Promising first-year results from a study of full-day preschool in a high-poverty suburban Denver school district have stoked optimism about a new financing approach officials are testing there.
It’s called Pay For Success and has gained traction nationwide in recent years as a way to pay for social programs that yield long-term dividends but are expensive to launch.
The struggling 9,600-student Westminster Public Schools is using a version of the complicated financing model, also known as social impact bonds, to fund and rigorously evaluate full-day preschool.
While similar projects in Salt Lake City and Chicago have been underway longer, Westminster’s three-year pilot project provides the first Colorado case study of Pay For Success as a preschool expansion tool.

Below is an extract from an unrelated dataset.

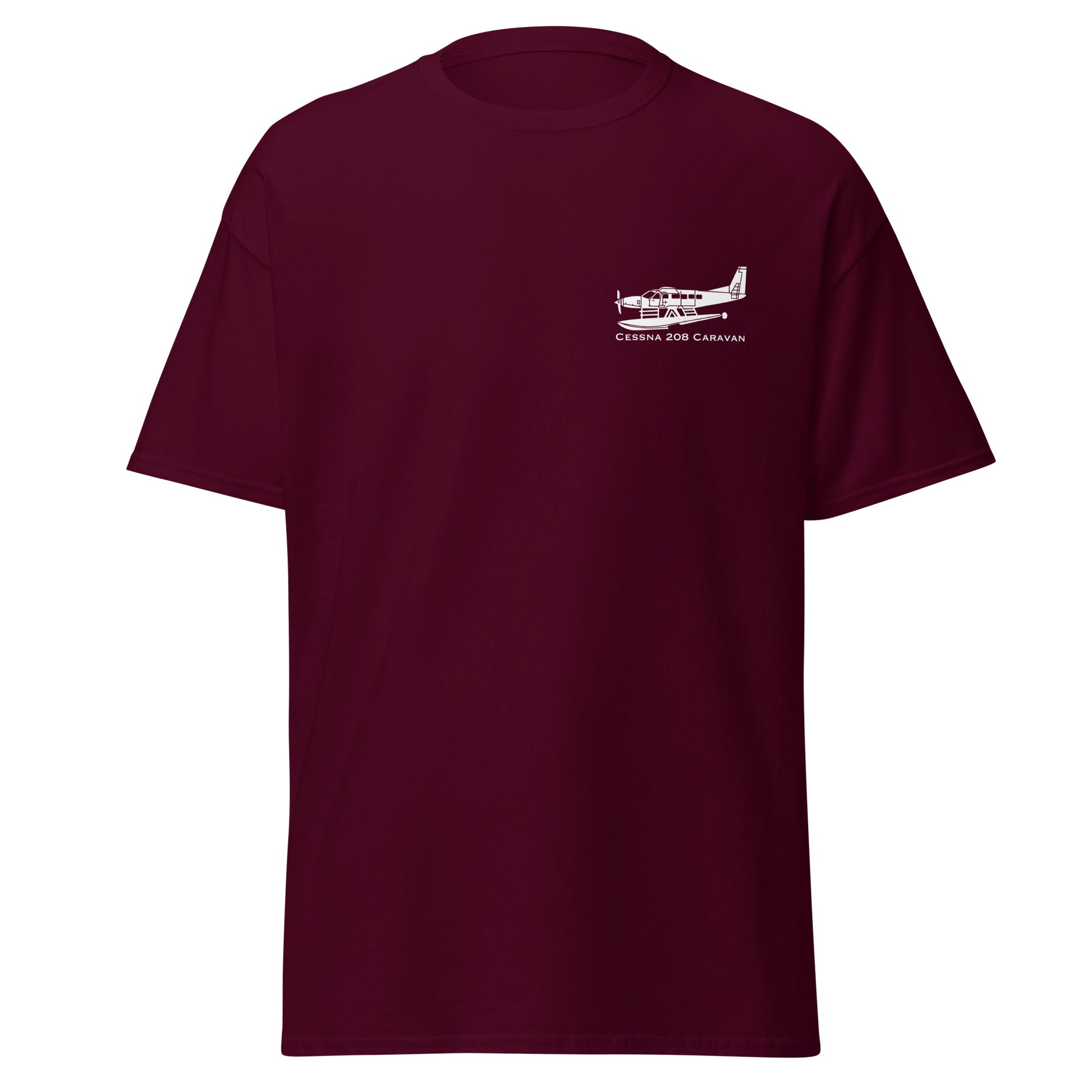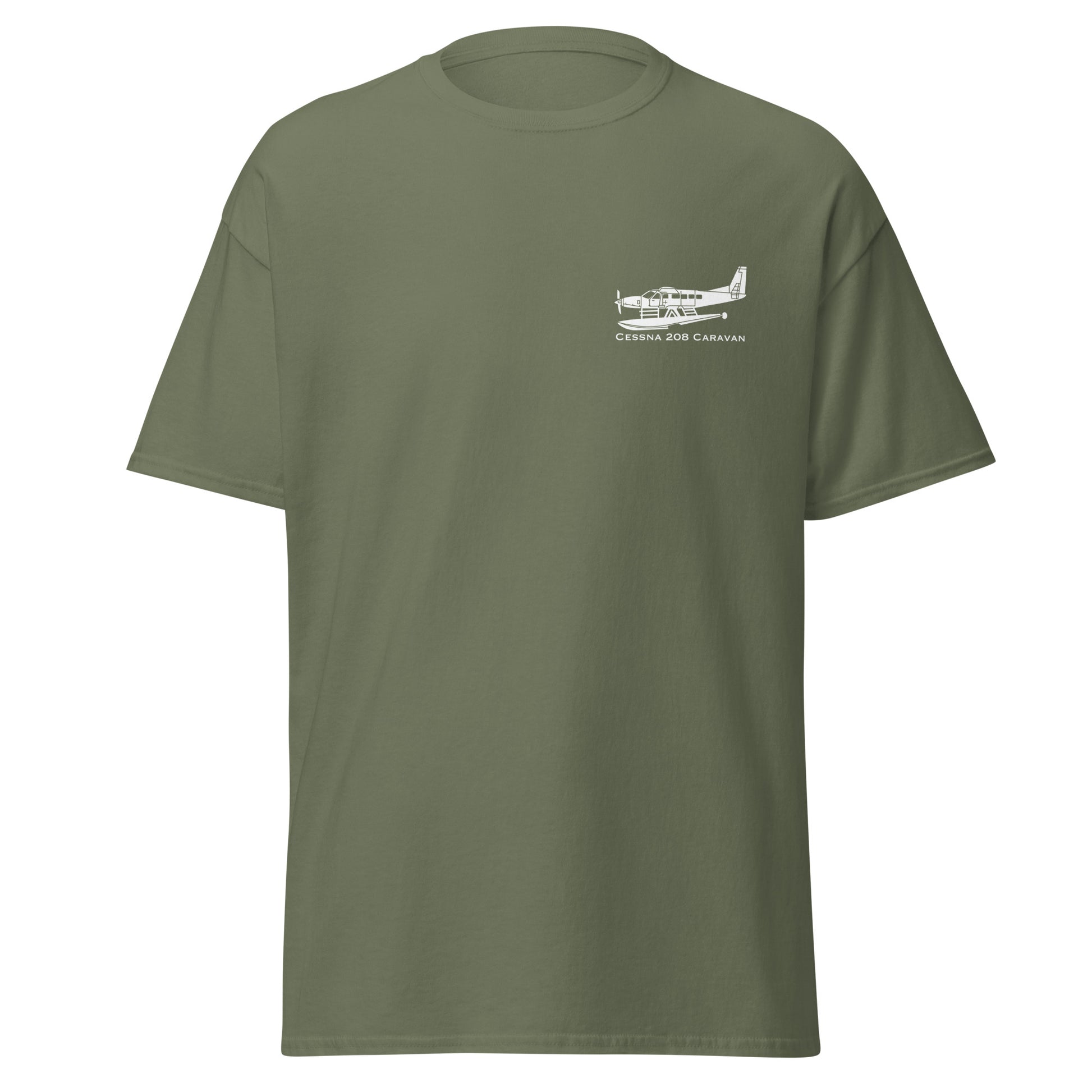 Our Custom Cessna 208 Caravan on Floats T-Shirt has a 4 inch width detailed airplane profile image on the left chest with the make and model below the airplane image. Tell everyone how proud you are flying this dream flying machine. This is a custom designed shirt by the SkyboundGear artist. No other shirt we have seen captures the distinctive side-profile detail of this plane. How cool is that?

It’s also a key component of the early childhood efforts outlined in the district’s state-mandated improvement plan. Only about a third of Westminster kindergartners meet expected benchmarks when they start school.
This year, about a quarter of the district’s 600 preschoolers attend full-day programming — at a cost of about $10,000 per student.
The full-day classrooms are the most expensive in the district because of state class size and student-teacher ratio requirements, but not as pricey as some high-quality preschool programs elsewhere.
The idea behind Pay For Success financing is that private investors or philanthropists pay upfront for social programs and get repaid with interest if those programs save public money by preventing the need for costly services such as special education or reading remediation. If a project doesn’t yield the hoped-for savings, the investors lose some or all of their money.
Westminster Public Schools dipped its toes into Pay For Success waters last year, offering full-day preschool to 112 4-year-olds at seven elementary schools. Two foundations — Gary Community Investments and the Ben and Lucy Ana Walton Fund of the Walton Family Foundation — put up a combined half million dollars for the project.
(The Walton Family Foundation and Gary Community Investments — through the Piton Foundation — are Chalkbeat funders).
Westminster’s pilot is not a full-fledged Pay For Success transaction because the state is not a partner in the agreement as would typically be the case. In addition, the project agreement doesn’t require the two funders to be repaid fully if the district’s full-day preschool program yields the hoped-for savings.
However, the gold standard study by outside evaluators comparing full-day and half-day preschoolers is standard Pay For Success fare. It’s also a key part of what funders and other school districts may be looking at as they consider preschool expansion efforts.
So far, Westminster’s results look good.
Full-day preschoolers there performed better than their half-day peers on a bevy of early childhood assessments that measure everything from early literacy to social and emotional development.
“We’re seeing some real statistical significance in terms of full-day (preschool),” said Mat Aubuchon, the district’s director of early childhood education.
Further evaluations over the next two years will provide more definitive results, he said.
In addition to preliminary data gleaned from the official evaluation, Aubuchon said the district has discovered some unanticipated benefits of the full-day program. These include higher attendance rates in full-day preschool classrooms and increased likelihood that full-day preschoolers will come back for kindergarten.
While 60 percent of half-day preschoolers returned for kindergarten this year, that number was 76 percent for full-day preschoolers.
Asked if the district’s full-day preschool initiative might continue beyond year three as a full-blown Pay For Success project, Aubuchon said, “I certainly hope so.”
Steffanie Clothier, investment director for child development at Gary Community Investments, said Westminster’s project will provide a valuable evidence base for other districts interested in preschool expansion even if they don’t use Pay For Success.
“I think Pay For Success is a great way to help understand the financing and short term and longer term savings from preschool programs,” she said. “But I don’t think it’s essential as a funding stream.”